** RECORDS SUPPLIED follows **
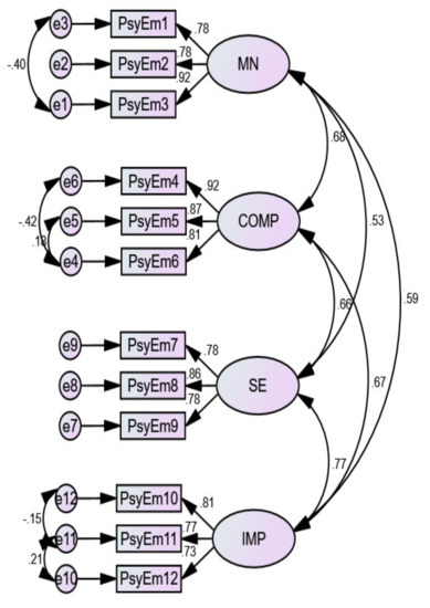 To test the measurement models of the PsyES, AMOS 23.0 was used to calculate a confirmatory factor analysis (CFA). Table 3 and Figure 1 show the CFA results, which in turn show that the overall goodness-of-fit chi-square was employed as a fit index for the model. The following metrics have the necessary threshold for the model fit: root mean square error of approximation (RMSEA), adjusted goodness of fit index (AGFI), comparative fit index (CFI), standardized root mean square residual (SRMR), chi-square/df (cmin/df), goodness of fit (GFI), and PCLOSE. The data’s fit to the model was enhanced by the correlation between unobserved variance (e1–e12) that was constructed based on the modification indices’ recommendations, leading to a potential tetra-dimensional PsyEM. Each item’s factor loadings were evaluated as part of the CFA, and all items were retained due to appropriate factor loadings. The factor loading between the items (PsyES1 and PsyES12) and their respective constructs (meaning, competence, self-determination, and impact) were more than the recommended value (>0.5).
** End of RECORDS SUPPLIED **
** RECORDS SUPPLIED follows **
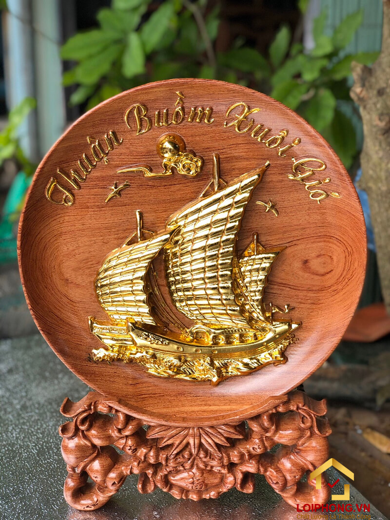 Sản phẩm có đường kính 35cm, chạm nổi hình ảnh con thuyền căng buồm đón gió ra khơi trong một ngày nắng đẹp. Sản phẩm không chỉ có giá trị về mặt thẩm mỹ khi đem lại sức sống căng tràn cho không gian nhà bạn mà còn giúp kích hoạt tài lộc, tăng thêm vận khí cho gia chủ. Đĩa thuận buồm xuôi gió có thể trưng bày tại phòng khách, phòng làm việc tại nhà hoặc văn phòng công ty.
** End of RECORDS SUPPLIED **
** RECORDS SUPPLIED follows **
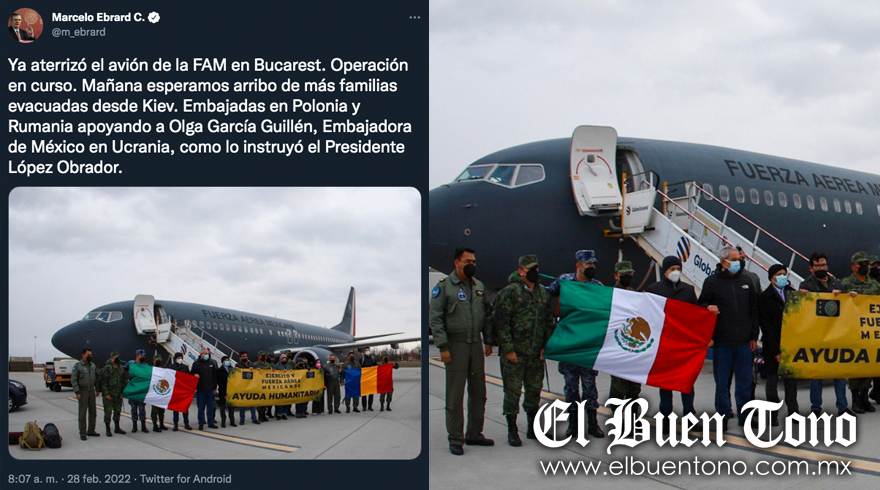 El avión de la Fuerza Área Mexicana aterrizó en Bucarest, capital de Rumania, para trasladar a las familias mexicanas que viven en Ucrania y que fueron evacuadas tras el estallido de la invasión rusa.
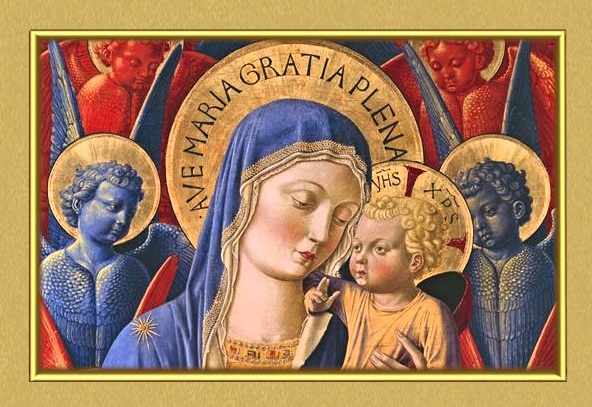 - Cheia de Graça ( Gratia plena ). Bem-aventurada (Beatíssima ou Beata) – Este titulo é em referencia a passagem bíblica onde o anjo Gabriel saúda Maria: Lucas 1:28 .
** End of RECORDS SUPPLIED **
__TASK__. In the listing above, find the line containing "El avión de" and the line containing "- Cheia de Graça", then output those two lines and everything between them exactly as written, without the images.

__SOLUTION__.
 El avión de la Fuerza Área Mexicana aterrizó en Bucarest, capital de Rumania, para trasladar a las familias mexicanas que viven en Ucrania y que fueron evacuadas tras el estallido de la invasión rusa.
 - Cheia de Graça ( Gratia plena ). Bem-aventurada (Beatíssima ou Beata) – Este titulo é em referencia a passagem bíblica onde o anjo Gabriel saúda Maria: Lucas 1:28 .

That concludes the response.